Assistant state’s attorneys Jim Newman and Robert Money stated repeatedly throughout the case that Campbell was targeted by his attackers on meager evidence such as the shoes he was wearing, and that there has been no proof that he was involved in an attack against Palacios.

Bridges told Palacios that while it has never been determined that Campbell was involved, “even if he was, vengeance and retribution don’t belong to you.”

Palacios used a blowtorch on Campbell’s legs and groin during his interrogation and murder. It was determined he was suffocated by plastic bags placed over his head after he was bound, beaten and held at gunpoint by the group.

While Bridges said there were no words to describe the acts against Campbell, he also called Palacios “a broken vessel” who had been sexually abused and had a troubled life.

“There are plenty of monsters to go around in this case,” the judge said. “What happened to you was sadistic, and what happened to Mr. Campbell — why you are here — was also sadistic.”

Palacios faced a sentencing range of 20 to 60 years in prison. Newman asked for a sentence “in the 50s,” while defense attorney Kevin Malia had asked for a sentence at the lower end of the range.

During the hearing, which spanned two afternoons beginning last Wednesday, the court heard victim impact statements from the Campbell family and testimony from family and friends in support of Palacios.

At the end of the hearing, Palacios addressed the court, her family and Campbell’s relatives.

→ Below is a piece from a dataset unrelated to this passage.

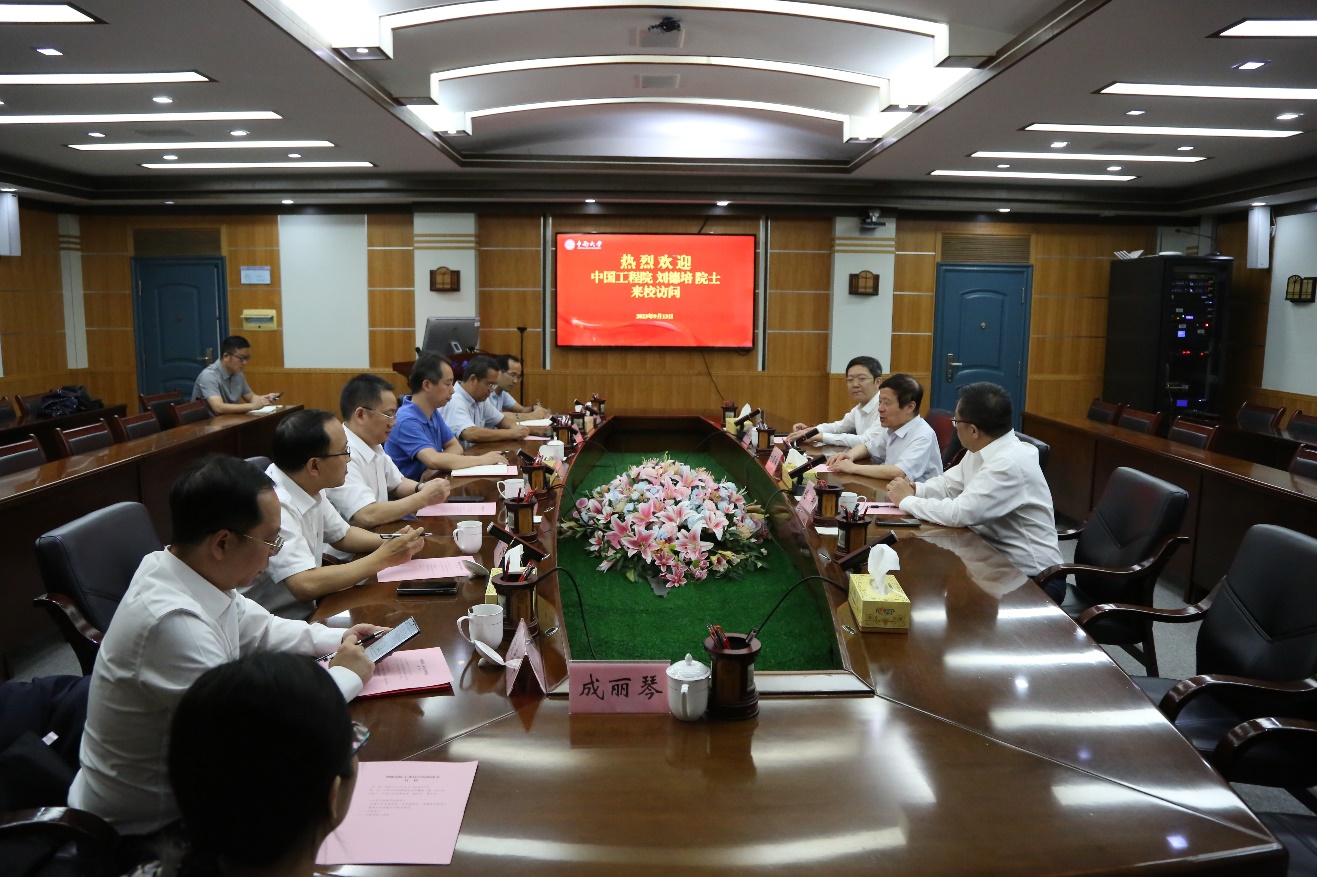 9月13日上午,中国工程院刘德培院士访问湘雅医学院,双方在孝骞楼八楼二会议室举行座谈。中南大学常务副校长、湘雅医学院院长陈翔、副校长黎志宏以及湘雅医学院、基础医学院、湘雅公共卫生学院、生命科学院等单位主要负责人参加了座谈。会议由黎志宏主持。
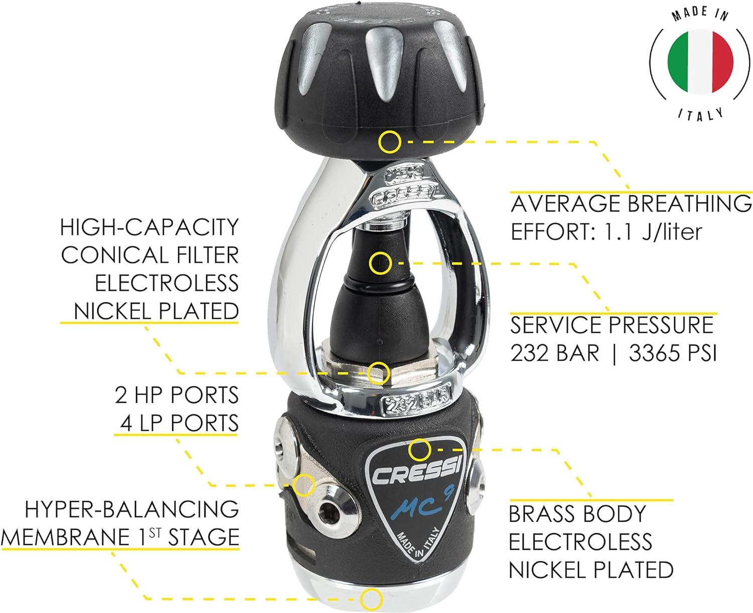 Cressi MC9 Compact Regulator Set: Lightweight regulator with balanced diaphragm 1st stage, compact 2nd stage, and matching Compact Octo. Ensures smooth, reliable breathing—perfect for travel and local diving

She apologized and said she would take back her actions if she could.

“I ask for your forgiveness if you all can find it in your hearts,” she said to Campbell’s relatives. “I take responsibility for my actions. It was I who went astray.”

She also asked Bridges for mercy and “a second chance in life.”

In exchange for her guilty plea, the state dropped several other counts of first-degree murder against Palacios for the same killing, and an illegal discharge of a weapon charge from a separate case.

In addition to Palacios, three other defendants pleaded guilty or were convicted at trial in the July 5, 2011 murder of Campbell, 27.

The other defendants were Roberto Guzman of Waukegan, who pleaded guilty and was sentenced to 29 years in prison; Jose Horta of Waukegan, who was convicted by a jury and sentenced to 59 years in prison; and Eric Castillo of Beach Park, who was also convicted of first-degree murder by a jury earlier this year and was sentenced to 35 years in prison.

Palacios was arrested at Grand Liquors in Waukegan in 2012 after reports of shots fired traced back to a car identified as hers, and she was located by Waukegan police in the store. Police said they found two spent shotgun shells in her purse.

During subsequent interviews with Waukegan police, officials said she began talking about details of Campbell’s 2011 killing and was eventually charged with first-degree murder.

Campbell was lured to the body shop on the pretense of a cocaine deal, officials said, and the money he brought to the shop was divided among the defendants.